Excellences Messieurs les Chefs d'Etat,

Excellences Mesdames et Messieurs les Ambassadeurs,

Excellence Monsieur le Médiateur,

Mesdames et Messieurs les membres des Commissions Techniques;

Mesdames et Messieurs.

L'actualité politique en vogue, du moins en ce qui est du Burundi, est qu'il y a un pouvoir élu, que la paix règne sur plus de 99% du territoire national; et bien d'autres arguments de nature à faire l'éloge du pouvoir en place quand bien même la réalité des faits contrarie ces affirmations-là!

En effet, comment affirmer que la paix et la sécurité règnent sur presque toute l'étendue de la République, au moment où des citoyens burundais continuent d'affluer au delà des frontières nationales pour demander asile? C'est quel pays qui recouvre la paix et dont les réfugiés ne rentrent pas? Quel gouvernement se dit-il laïc et oblige les citoyens à ne se convertir qu'à la religion du dirigeant? Quel est ce genre de bonne gouvernance et de démocratie qui muselle l'opinion des citoyens, traque et terrorise les media, entretient un génocide contre ses citoyens, banalise et régularise la corruption, oblige les citoyens à n'adhérer qu'au parti au pouvoir, torture et exécute sommairement, déporte les citoyens …pour ne citer que cela?

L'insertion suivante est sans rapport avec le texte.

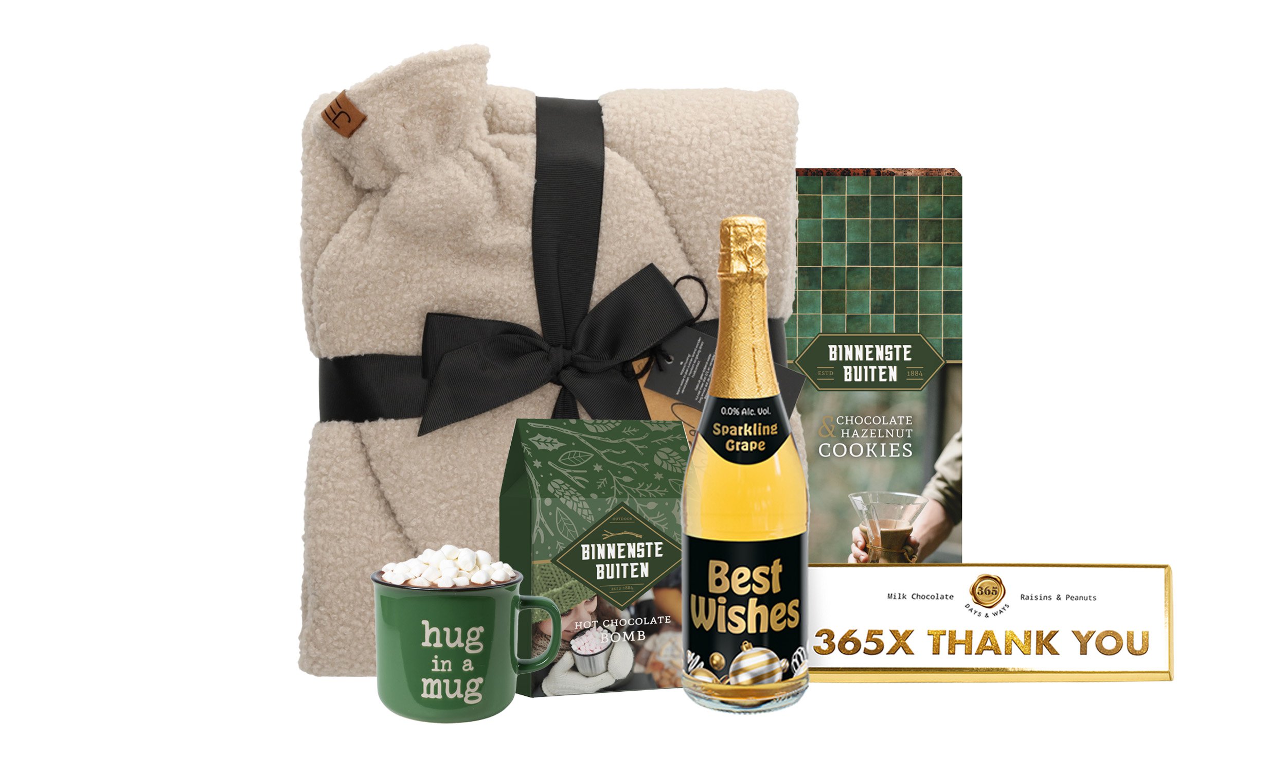 Jens Living Giftset Winter Taupe Jens Living Retro Mok Have a Ball Sparkling Grape 0,0% alc, 750 ml 365 Days Chocoreep XXL, 225 gr Binnenstebuiten ChocHaz cookie, 135 gr Binnenstebuiten Hot choc.spoon, 20 gr Verpakt in een feestelijke doos op maat

Les Saintes Ecritures nous interpellent quand elles nous lancent ce message que nous rencontrons dans l'Evangile de Saint Jean 8:32"vous connaîtrez la vérité, et la vérité vous affranchira". Cherchons donc à connaître cette vérité-là avant toute autre chose pour le cas qui nous réunit aujourd'hui, afin que la vérité nous aide à tirer le Burundi du gouffre dans lequel il ne cesse de sombrer. Il n'est donc plus question de jouer les faux médecins qui croiraient soigner une plaie en lui superposant des bandes sans l'avoir nettoyée au préalable.

Bien de négociations inter-burundaises ont eu lieu, et le Burundi détient le record en nombre pour ce qui est des accords dans notre région si ce n'est pas sur le continent africain. Mais non seulement ces accords-là sont, pour le moins que l'on puisse dire, biaisés; mais aussi et surtout l'anachronisme dans leur application démontre suffisamment la mauvaise volonté qui en prélude la conclusion et la signature.

Ceci nous pousse à proposer à la médiation la voie de la transformation du conflit au lieu de la formule des négociations de ni gagnant, ni perdant.

Transformons donc les énergies négatives, rendons-les positives en cherchant ensemble à préparer un avenir rassurant pour les jeunes générations et les générations à venir, associons à la recherche de la paix toutes les couches de la population du Burundi et toutes les ethnies puisque le Burundi est pour tous ses citoyens et non pas l'apanage des seuls dignitaires qui jouissent des prérogatives en vertu des différents accords qui ont discriminé la majorité des Barundi. Ceci est réalisable à travers Le Contrat Social  qui doit lier tous les Barundi à leurs obligations en tant que citoyens à part entière et reconnaître et garantir les mêmes droits à tous les fils et filles du Burundi. Et le premier pas vers ce contrat social consiste à reconnaître notre propre situation: nous, les Barundi, nous nous sommes entretués à cause de l'ethnisme que les différents gouvernements- y compris celui qui est actuellement en fonction- ont entretenu et développé; ce n'est pas la fameuse commission vérité-réconciliation anachronique par rapport aux accords d'Arusha du 28/08/2000 qui sortira le Burundi de ce conflit, tout autant que la commission de l'unité nationale de l'après-Ntega/Marangara n'a pas su unir les Barundi étant donné qu'il fallait protéger les dignitaires du régime. Plutôt, faisons nôtre cette sagesse de Saint Jacques 5:16a:"Confessez donc vos péchés les uns aux autres, et priez les uns pour les autres, afin que vous soyez guéris".

Je vous remercie.

Pour le PALIPEHUTU-FNL,

 

R  W  A  S  A    Agathon, Président.